Hashcat Compressed | Wordlist
Using a Hashcat compressed wordlist is not just a storage hack; it is a performance tuning strategy. The key takeaways are:
By mastering compressed wordlist workflows, you transform storage constraints into computational fluidity. Your GPUs will never wait on disk I/O again.
Remember: The fastest cracking session is one where the CPU decompresses while the GPU cycles. Keep that pipeline full.
Hashcat does not have native support for PKZIP, RAR, or 7-zip archives. However, it does have one hidden gem: Internal compression via --stdout and stdin piping.
Hashcat can read from stdin (Standard Input). This is the golden key. hashcat compressed wordlist
If you use hashcat ... - and you also have a file literally named - in your directory, Hashcat reads from STDIN, not the file. This is intended.

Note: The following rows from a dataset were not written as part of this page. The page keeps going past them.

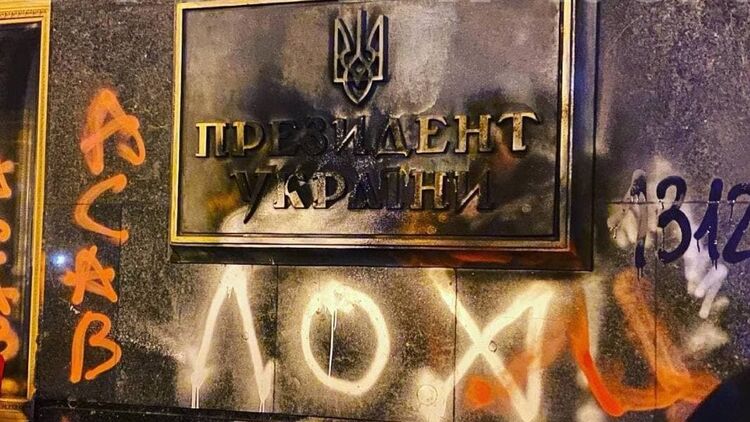 В ролике запечатлены моменты погрома, когда его участники разрисовывают фасад здания офиса Зеленского, жгут двери и табличку.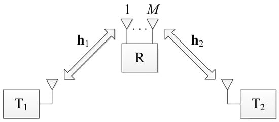 Many works in the literature (e.g., [,,,,]) have been devoted to two-way multi-antenna relaying (without SWIPT) as this approach can not only extend communication range but also improve spectral efficiency. In a basic two-way multi-antenna relay network (see Figure 1), an intermediate relay node equipped with multiple antennas is used to assist two end nodes in exchanging their information. Nevertheless, application of SWIPT to this kind of network is still in its infancy [,,]. In [], the SWIPT-based beamforming design for a multi-antenna relay was considered to maximize the sum rate of its two-way relay network. In [], the authors presented a three-phase two-way relay network where an energy-constrained multi-antenna relay node harvests energy from a pair of single-antenna source nodes, and presented an optimal power allocation solution. In [], an optimal joint source and relay beamforming scheme for two-way multi-antenna relay networks with SWIPT was proposed based on the principle of singular value decomposition.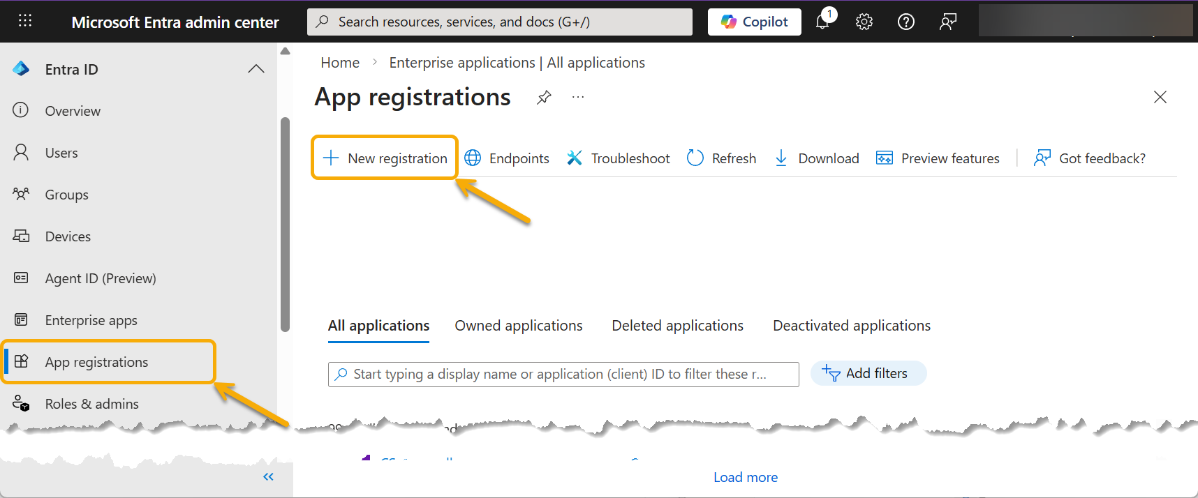 - Browse to Entra > App registrations, and select New registration.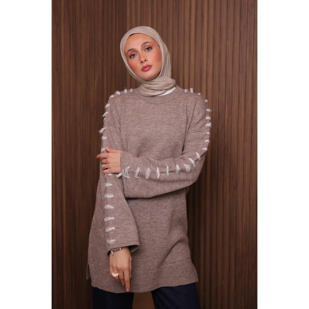 7028 Kolları İp Geçişli Yumoş Tunik - Kahverengi

While compressed wordlists offer clear benefits, they are not without trade-offs:
Let’s walk through a realistic scenario.
Situation: You obtained realhuman_phillipines.7z (a 6 GB compressed list containing 200 million passwords). You have an NTLM hash to crack. Using a Hashcat compressed wordlist is not just
Step 1: Verify the archive contents
7z l realhuman_phillipines.7z
# Output: shows "phillipines.txt" (single file)
Step 2: Crack directly without decompressing
7z x -so realhuman_phillipines.7z | hashcat -m 1000 -a 0 ntlm_hash.txt -o cracked.txt --potfile-path my.pot
Step 3: Monitor performance
Hashcat will show Speed.#1 in hashes per second. If you see the speed fluctuating wildly, the decompression is the bottleneck. Consider temporarily extracting to RAM.
Step 4: Resume capability
If you interrupt Hashcat (Ctrl+C), piping loses your place. To solve this, use --stdout combined with tee and split: Hashcat does not have native support for PKZIP,
7z x -so big.7z | tee >(split -l 1000000 - part_) | hashcat ...
But that's advanced. Simpler: Just let Hashcat run to completion or use --restore with a rule file.
Pipe a small portion to see if decompression works:
gunzip -c rockyou.txt.gz | head -n 10
When piping a huge compressed file (e.g., 50 GB unpacked), the pipe buffer may cause Hashcat to load too many lines at once. Fix: Use --stdin-timeout-abort=0 or limit line length with -O (optimized kernel).